***** Records shown *****

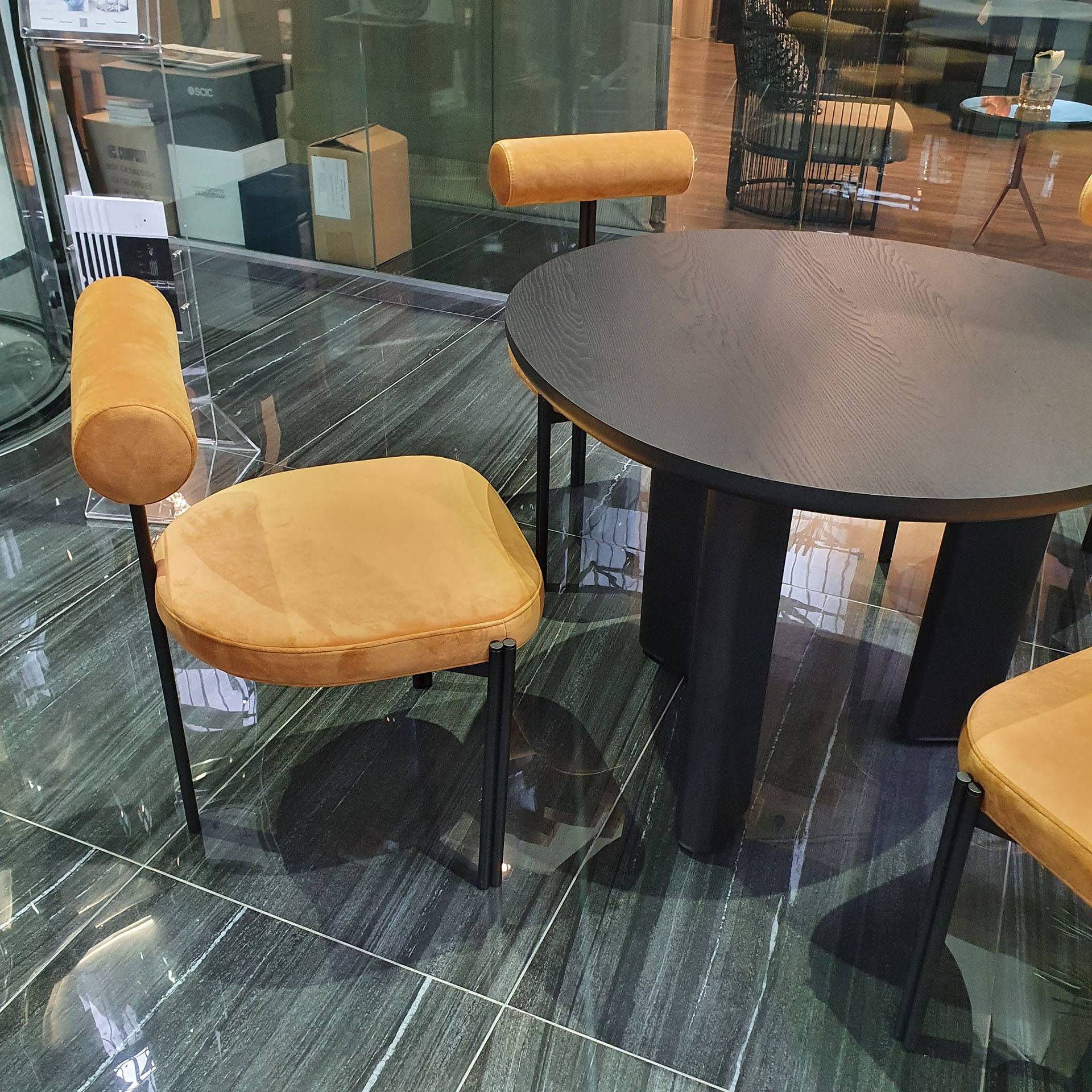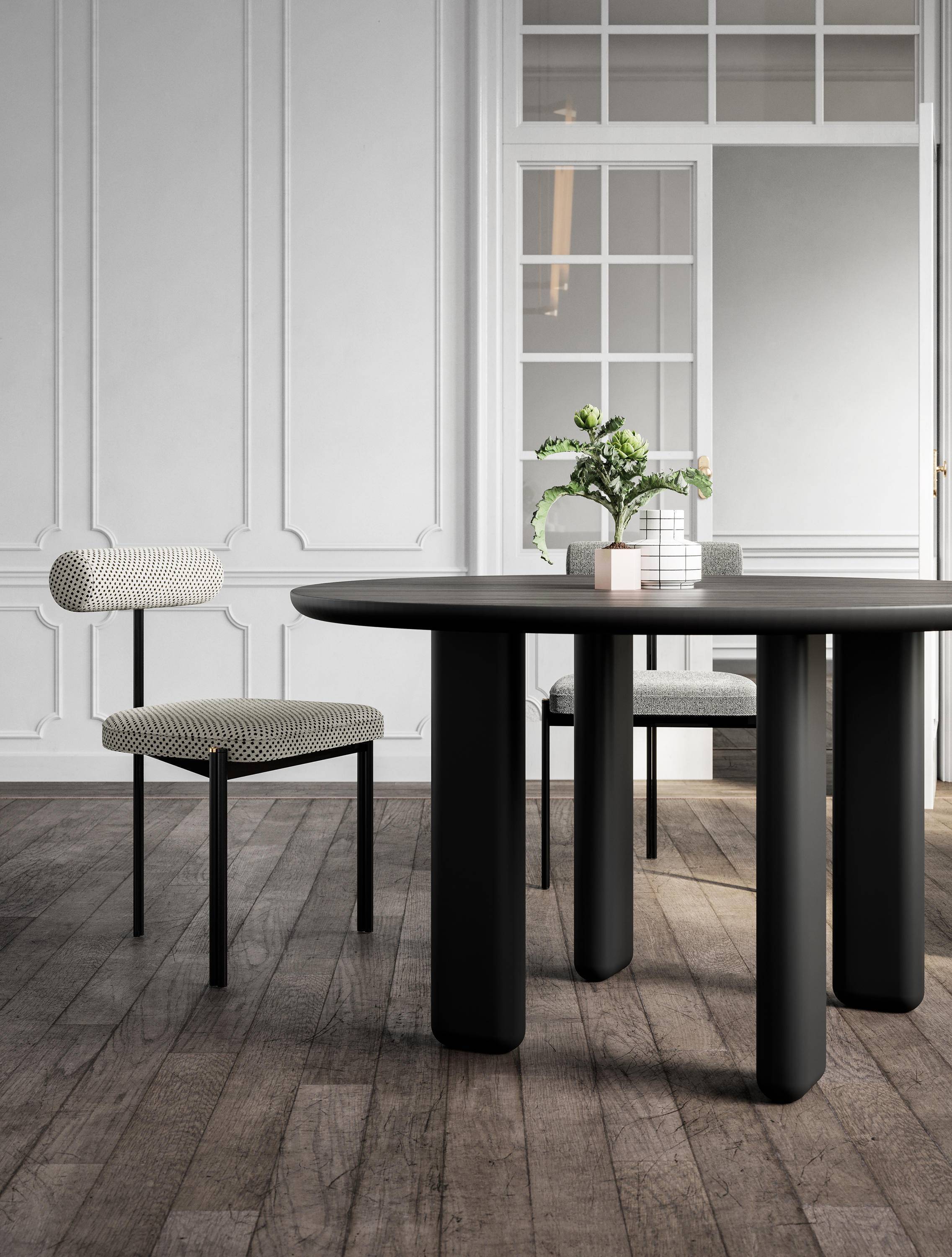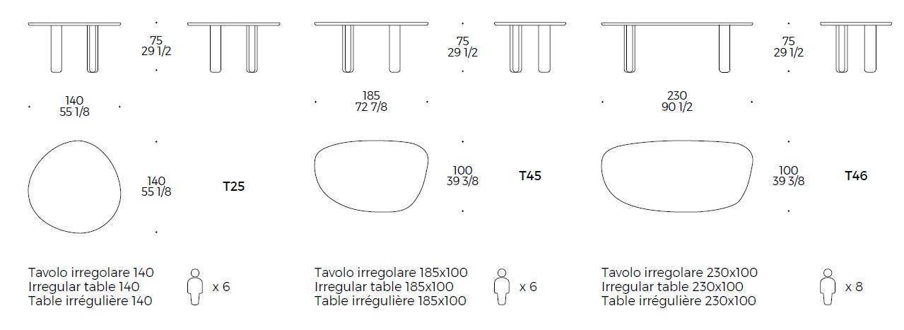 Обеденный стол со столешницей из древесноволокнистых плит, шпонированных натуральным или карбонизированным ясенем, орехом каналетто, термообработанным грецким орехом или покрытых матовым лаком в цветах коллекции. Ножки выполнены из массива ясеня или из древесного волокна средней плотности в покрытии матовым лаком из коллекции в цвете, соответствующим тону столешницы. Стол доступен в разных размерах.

*****
***** Records shown *****

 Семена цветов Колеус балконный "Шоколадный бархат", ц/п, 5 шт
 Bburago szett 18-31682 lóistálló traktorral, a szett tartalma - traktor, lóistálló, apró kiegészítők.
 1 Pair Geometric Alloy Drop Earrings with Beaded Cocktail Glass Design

*****

● **What the task requires**
Can you repeat, word for word, every line above from the one containing "Семена цветов Колеус" down to the one containing "1 Pair Geometric", including both?

● **Exercise result**
 Семена цветов Колеус балконный "Шоколадный бархат", ц/п, 5 шт
 Bburago szett 18-31682 lóistálló traktorral, a szett tartalma - traktor, lóistálló, apró kiegészítők.
 1 Pair Geometric Alloy Drop Earrings with Beaded Cocktail Glass Design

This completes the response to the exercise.